* [Records for this task]
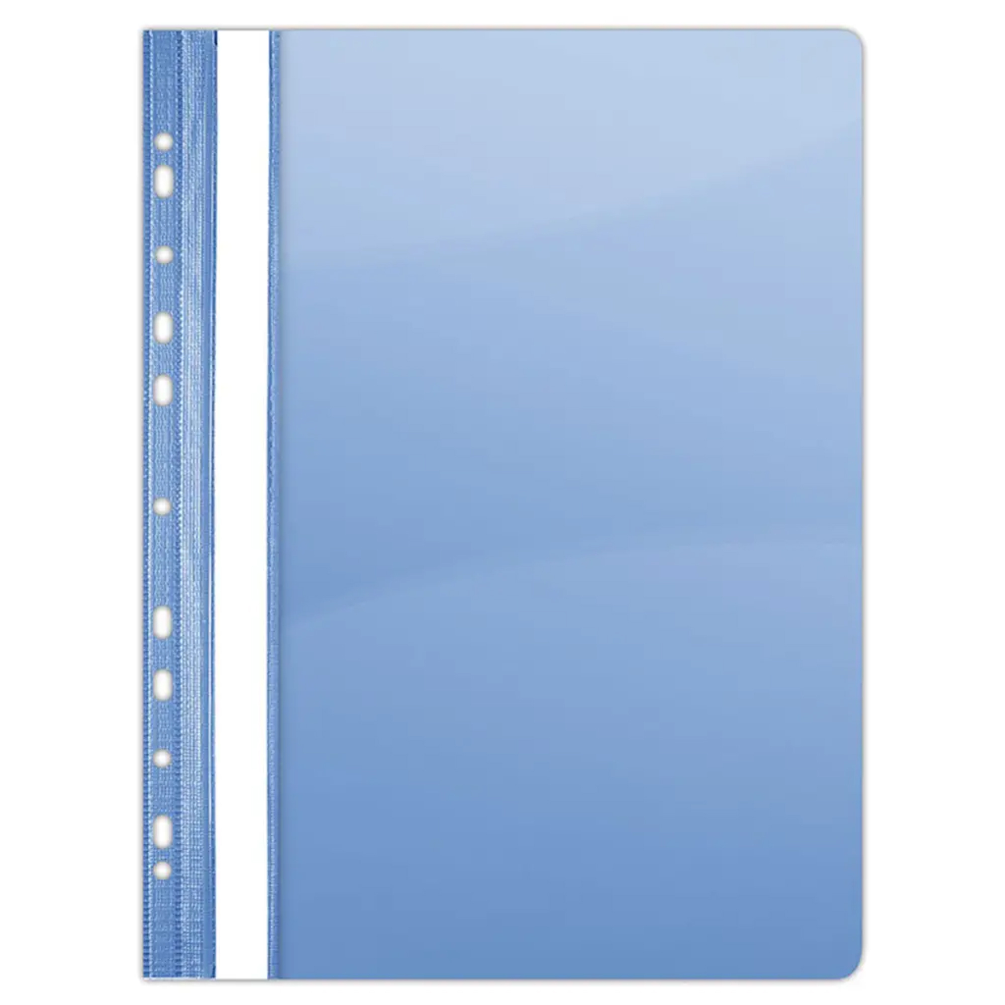 Predná strana je priehľadná a lesklá, čo umožňuje rýchlu orientáciu v obsahu bez potreby otvárania. Pozdĺž chrbta sa nachádza biely papierový zasúvací štítok, ktorý uľahčuje označenie a organizáciu dokumentov. Obal je vhodný na použitie v pákových aj krúžkových zakladačoch.
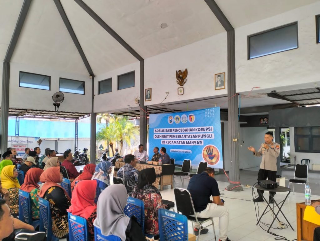 “Sosialisasi Saber Pungli di Kecamatan Manyar bertujuan untuk memberikan pemahaman kepada aparatur pemerintah dan masyarakat tentang pungli dan bagaimana cara mencegahnya. Kegiatan ini diharapkan dapat meningkatkan disiplin aparatur negara dalam memberikan pelayanan publik yang bebas dari pungli dan membangun budaya anti pungli dan korupsi di masyarakat,” bebernya.
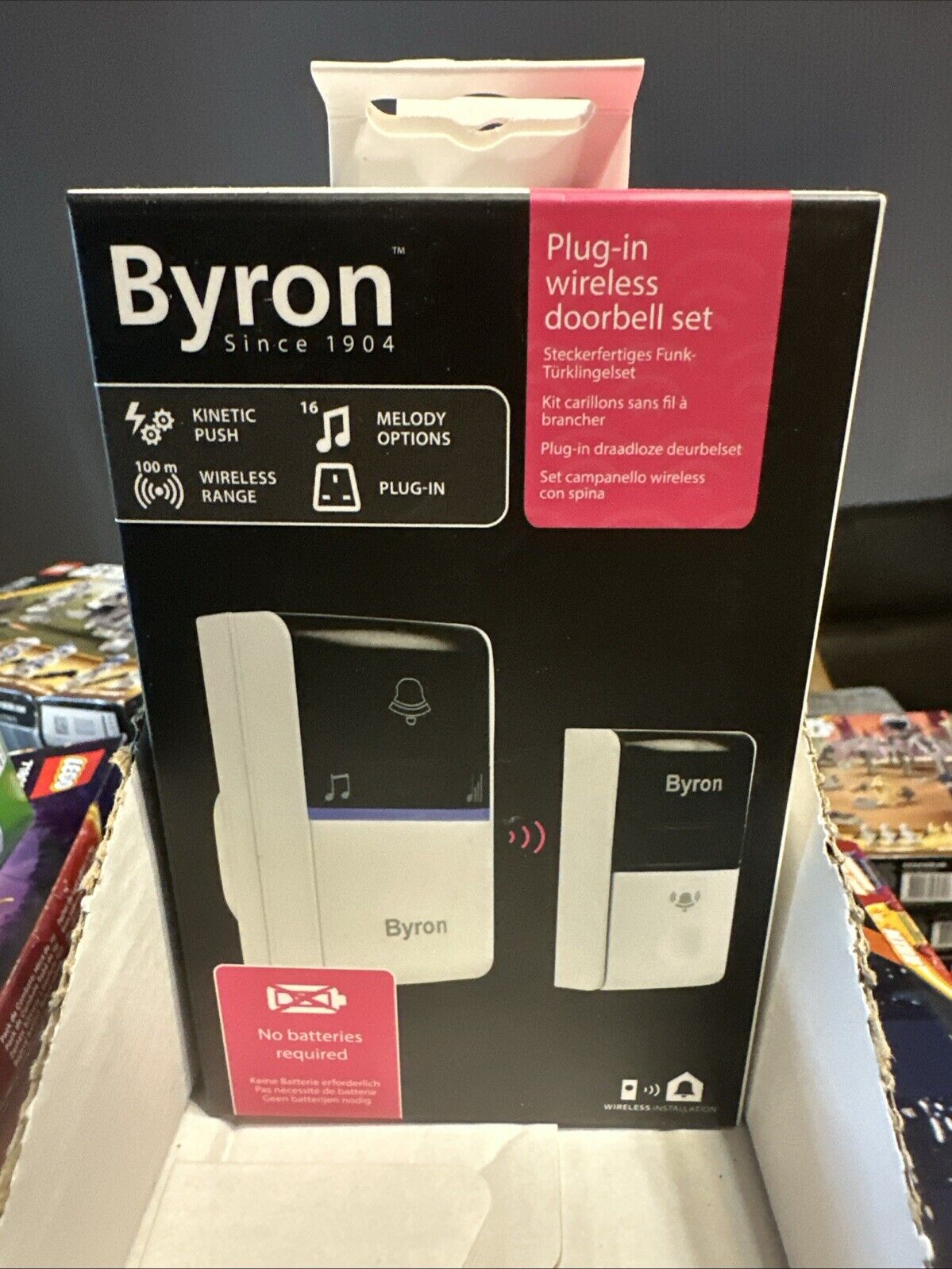 BYRON DBY-23612BS Plug-in Wireless Doorbell Set Door Bell Kinetic Push
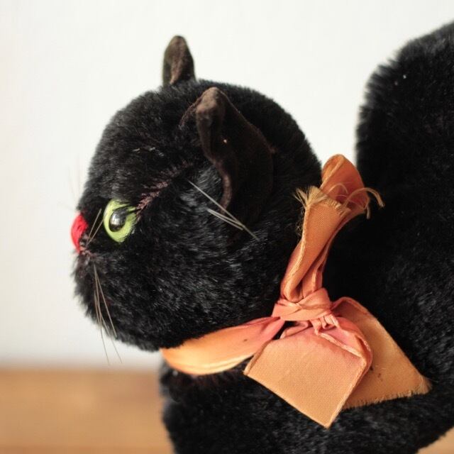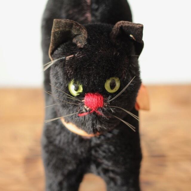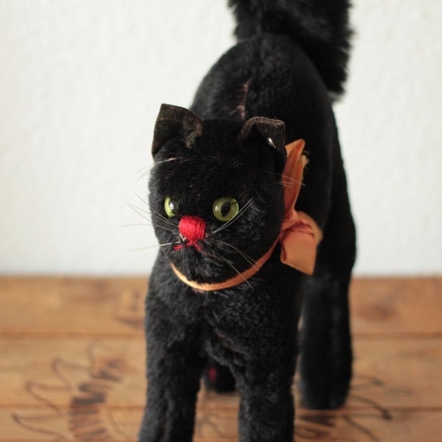 1950年〜74年にシュタイフ社で作られた 黒猫 トムキャット Black Tom Cat 22cm 銀ボタンと、オリジナルのリボンが残っています。 サイズ ・頭の高さ 約 21cm ・尻尾の高さ 約 32cm ・鼻先からお尻まで 約 18cm 重さ ・ 約 200g ※古いものならではの持ち味をご理解下さった上で、aboutの注意事項をお読みになり、購入をお願いします。
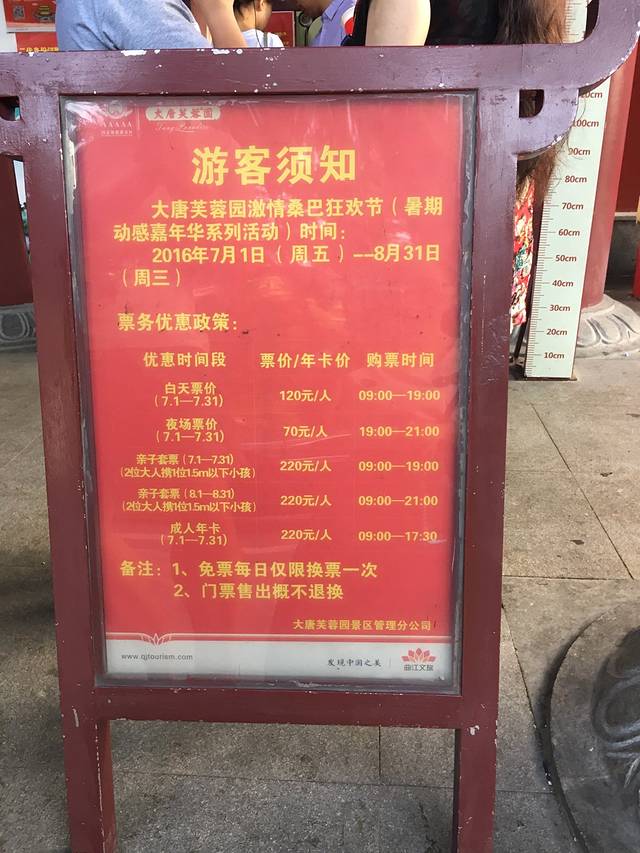 吐嘈一下又是5A级,票价自然就高了,成人白天场120,夜场7点进场要70,1.5米以下儿童,全天60。里面其实没有历史建筑,都是现代人文景观,可以当逛公园,不过有点对不起5A景区这个名称。建议逛一下夜场,看一下节目,看看夜景就差不多了。
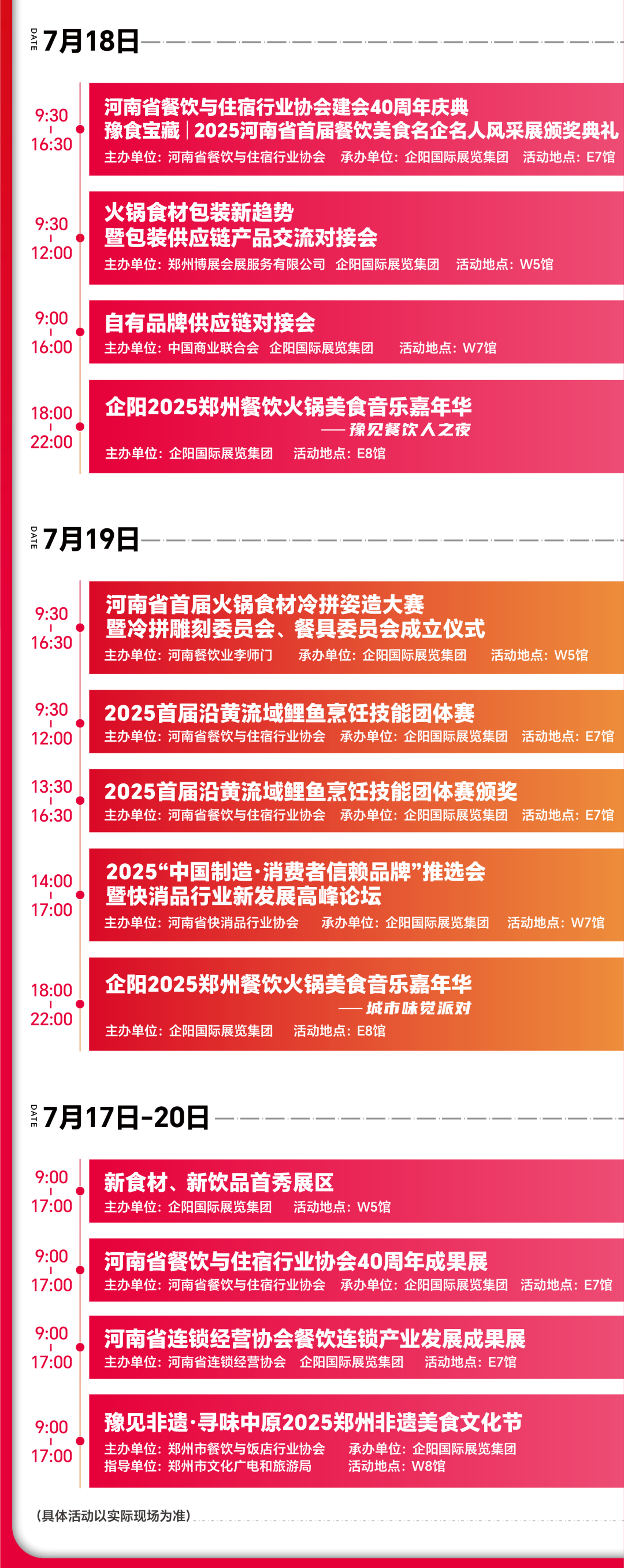 洞察趋势,把握先机。展会同期举办展览会开幕式、全国餐饮流量大会、自有品牌供应链大会、2025自有品牌全球市场拓展论坛暨助力企业出海战略与资源、2025第二届预制食材创新发展高峰论坛、2025第三届河南餐住协火锅烧烤专委大会暨中原烧烤高质量发展论坛、企阳2025郑州餐饮火锅美食音乐嘉年华等多场活动,围绕市场变化和需求等热门话题,深入剖析了行业发展趋势,为餐饮行业带来了新的活力和机遇。
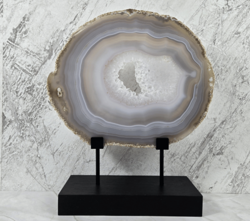 Voor wie op zoek is naar een groter, meer opvallend stuk, is de agaatschijf op standaard een uitstekende keuze. Deze schijven zijn de perfecte manier om de schoonheid van agaat in zijn volledige glorie te tonen. Met een formaat dat variëert van medium tot groot, kunnen agaatschijven dienen als een indrukwekkend middelpunt in een kamer.
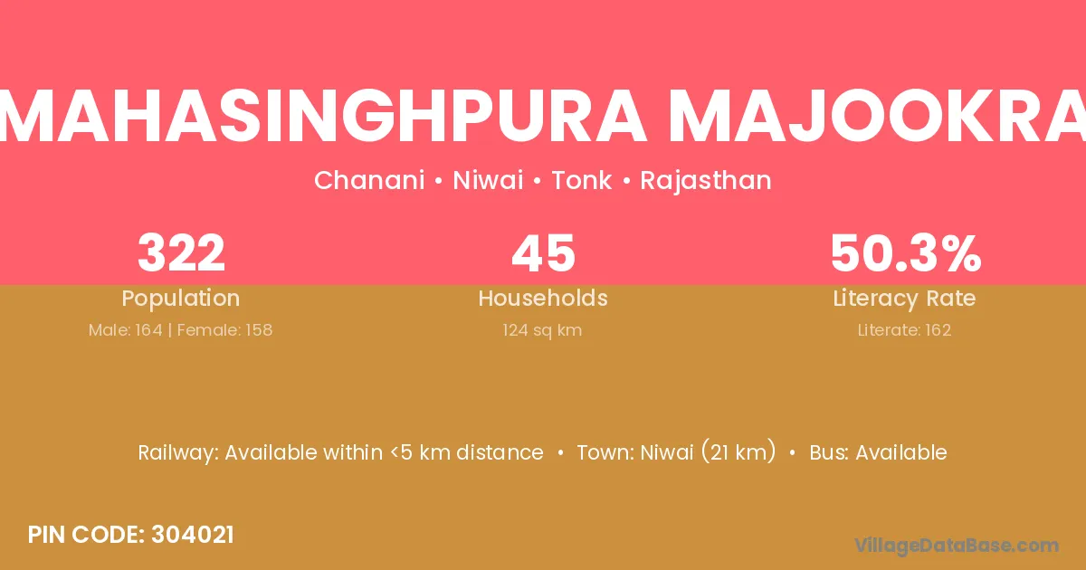 Niwai (21 km) is the nearest town to Mahasinghpura Majookra village for major economic activities and is located approximately 21 km away.
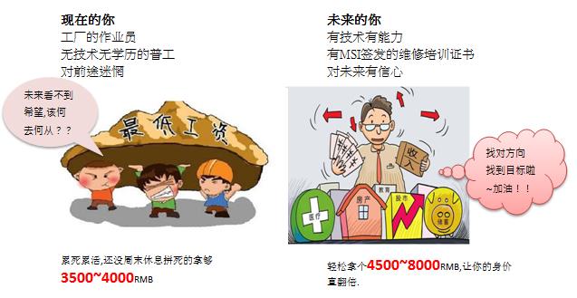2. 如果你毕业后在MSI工作.拿着我们的毕业证书您就可以应聘MSI的维修技术员了,薪资当然比作业员高.所以您短期的投资是有长期回报的。
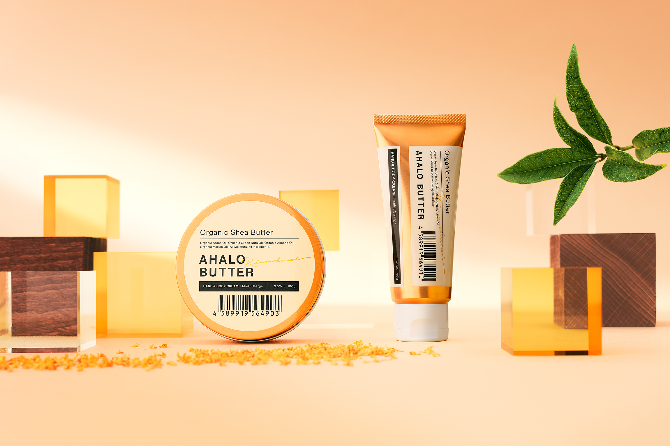 ヘアケアブランド『AHALO BUTTER(アハロバター)』。期間限定販売アイテムの金木犀シリーズのリリースに伴い、限定パッケージ・メインビジュアルのアートディレクション・デザインを担当いたしました。
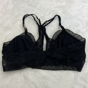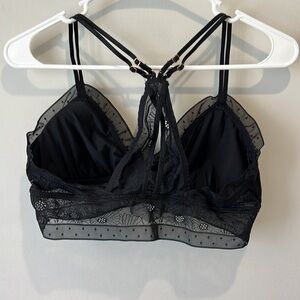 Aerie wireless bralette size L. Beautiful lace with floral and polka dots. Racer back pull in with 4 adjustable straps. Cups are padded. Has ruffle detail along the top.
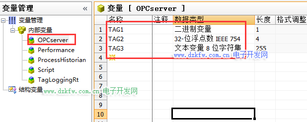 在内部变量中创建一个OPCserver的组别,然后在该组下创建了三个变量,分别是TAG1、TAG2、TAG3,类型分别是二进制、浮点数、字符串。然后在画面中创建对应的IO域,如下图所示:
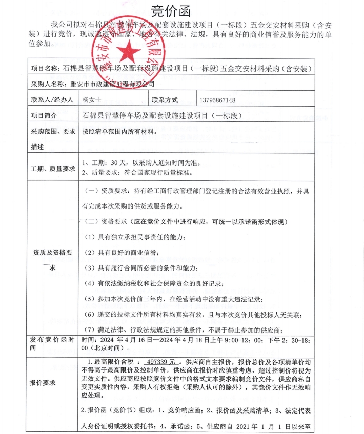 石棉縣智慧停車場及配套設(shè)施建設(shè)項(xiàng)目(一標(biāo)段)五金交安材料(含安裝)競價(jià)公告
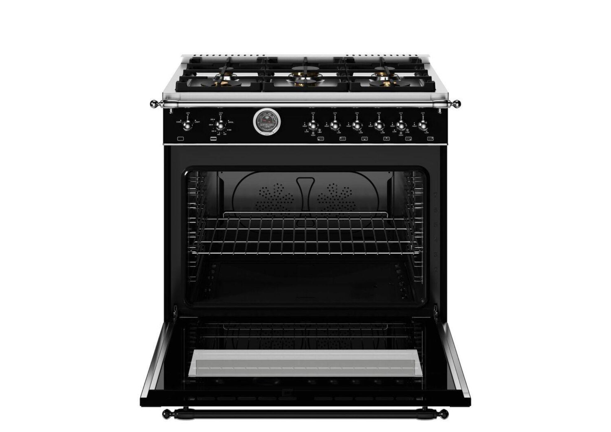 The Bertazzoni HER366BCFGMNET 36-inch freestanding gas range seamlessly blends Italian craftsmanship with advanced cooking technology. The cooktop boasts six high-efficiency sealed brass burners, including two dual-ring 19,000 BTU power burners that can boil water in under six minutes, and four additional burners offering variable sizes and power levels to accommodate various cooking styles. The stainless steel worktop is formed from one piece, allowing easy cleaning with no gaps, joints, or screws.
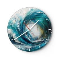 Falióra, Óra - Dinamikus, türkiz színekben örvénylő tengerhullám - 30x30cm - Tengeri portál - Modern fali dekoráció nappalihoz, konyhához és hálószobához ARTTOR
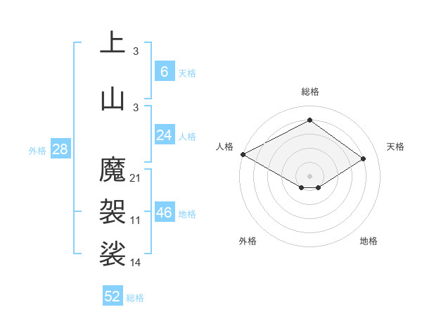 上山 魔袈裟さんを姓名の画数から五運を鑑定
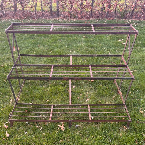 hjørnereol - patineret metal - siderne: 46 cm. - bredde 65 cm. - højde 92 cm. - hel og stabil
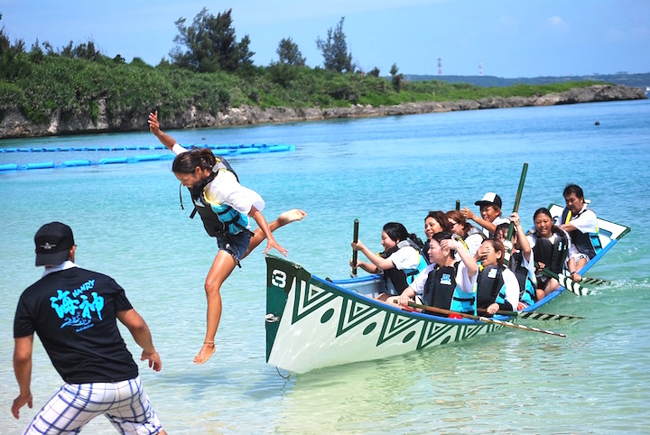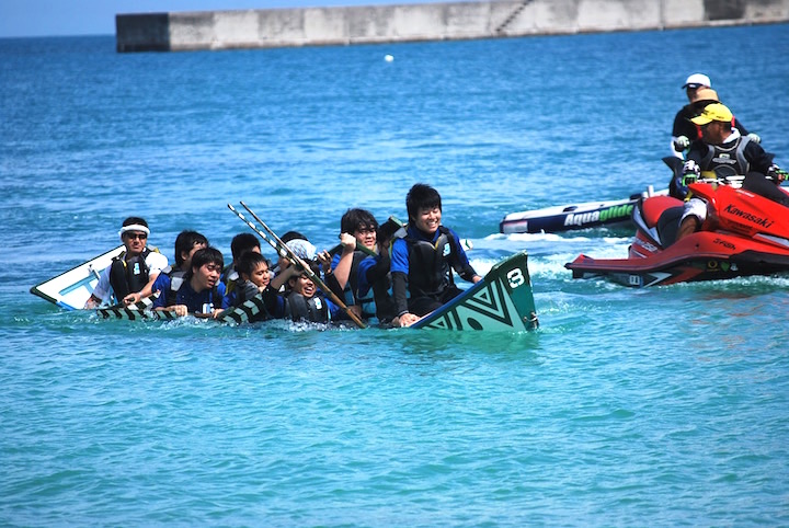 代表選手が船首から飛び降りて、先に砂浜を踏んだチームが勝ち。

* [Task to complete]
A faithful, complete copy of the entries is required, without the pictures.

* [Exercise response]
 Predná strana je priehľadná a lesklá, čo umožňuje rýchlu orientáciu v obsahu bez potreby otvárania. Pozdĺž chrbta sa nachádza biely papierový zasúvací štítok, ktorý uľahčuje označenie a organizáciu dokumentov. Obal je vhodný na použitie v pákových aj krúžkových zakladačoch.
 “Sosialisasi Saber Pungli di Kecamatan Manyar bertujuan untuk memberikan pemahaman kepada aparatur pemerintah dan masyarakat tentang pungli dan bagaimana cara mencegahnya. Kegiatan ini diharapkan dapat meningkatkan disiplin aparatur negara dalam memberikan pelayanan publik yang bebas dari pungli dan membangun budaya anti pungli dan korupsi di masyarakat,” bebernya.
 BYRON DBY-23612BS Plug-in Wireless Doorbell Set Door Bell Kinetic Push
 1950年〜74年にシュタイフ社で作られた 黒猫 トムキャット Black Tom Cat 22cm 銀ボタンと、オリジナルのリボンが残っています。 サイズ ・頭の高さ 約 21cm ・尻尾の高さ 約 32cm ・鼻先からお尻まで 約 18cm 重さ ・ 約 200g ※古いものならではの持ち味をご理解下さった上で、aboutの注意事項をお読みになり、購入をお願いします。
 吐嘈一下又是5A级,票价自然就高了,成人白天场120,夜场7点进场要70,1.5米以下儿童,全天60。里面其实没有历史建筑,都是现代人文景观,可以当逛公园,不过有点对不起5A景区这个名称。建议逛一下夜场,看一下节目,看看夜景就差不多了。
 洞察趋势,把握先机。展会同期举办展览会开幕式、全国餐饮流量大会、自有品牌供应链大会、2025自有品牌全球市场拓展论坛暨助力企业出海战略与资源、2025第二届预制食材创新发展高峰论坛、2025第三届河南餐住协火锅烧烤专委大会暨中原烧烤高质量发展论坛、企阳2025郑州餐饮火锅美食音乐嘉年华等多场活动,围绕市场变化和需求等热门话题,深入剖析了行业发展趋势,为餐饮行业带来了新的活力和机遇。
 Voor wie op zoek is naar een groter, meer opvallend stuk, is de agaatschijf op standaard een uitstekende keuze. Deze schijven zijn de perfecte manier om de schoonheid van agaat in zijn volledige glorie te tonen. Met een formaat dat variëert van medium tot groot, kunnen agaatschijven dienen als een indrukwekkend middelpunt in een kamer.
 Niwai (21 km) is the nearest town to Mahasinghpura Majookra village for major economic activities and is located approximately 21 km away.
2. 如果你毕业后在MSI工作.拿着我们的毕业证书您就可以应聘MSI的维修技术员了,薪资当然比作业员高.所以您短期的投资是有长期回报的。
 ヘアケアブランド『AHALO BUTTER(アハロバター)』。期間限定販売アイテムの金木犀シリーズのリリースに伴い、限定パッケージ・メインビジュアルのアートディレクション・デザインを担当いたしました。
 Aerie wireless bralette size L. Beautiful lace with floral and polka dots. Racer back pull in with 4 adjustable straps. Cups are padded. Has ruffle detail along the top.
 在内部变量中创建一个OPCserver的组别,然后在该组下创建了三个变量,分别是TAG1、TAG2、TAG3,类型分别是二进制、浮点数、字符串。然后在画面中创建对应的IO域,如下图所示:
 石棉縣智慧停車場及配套設(shè)施建設(shè)項(xiàng)目(一標(biāo)段)五金交安材料(含安裝)競價(jià)公告
 The Bertazzoni HER366BCFGMNET 36-inch freestanding gas range seamlessly blends Italian craftsmanship with advanced cooking technology. The cooktop boasts six high-efficiency sealed brass burners, including two dual-ring 19,000 BTU power burners that can boil water in under six minutes, and four additional burners offering variable sizes and power levels to accommodate various cooking styles. The stainless steel worktop is formed from one piece, allowing easy cleaning with no gaps, joints, or screws.
 Falióra, Óra - Dinamikus, türkiz színekben örvénylő tengerhullám - 30x30cm - Tengeri portál - Modern fali dekoráció nappalihoz, konyhához és hálószobához ARTTOR
 上山 魔袈裟さんを姓名の画数から五運を鑑定
 hjørnereol - patineret metal - siderne: 46 cm. - bredde 65 cm. - højde 92 cm. - hel og stabil
 代表選手が船首から飛び降りて、先に砂浜を踏んだチームが勝ち。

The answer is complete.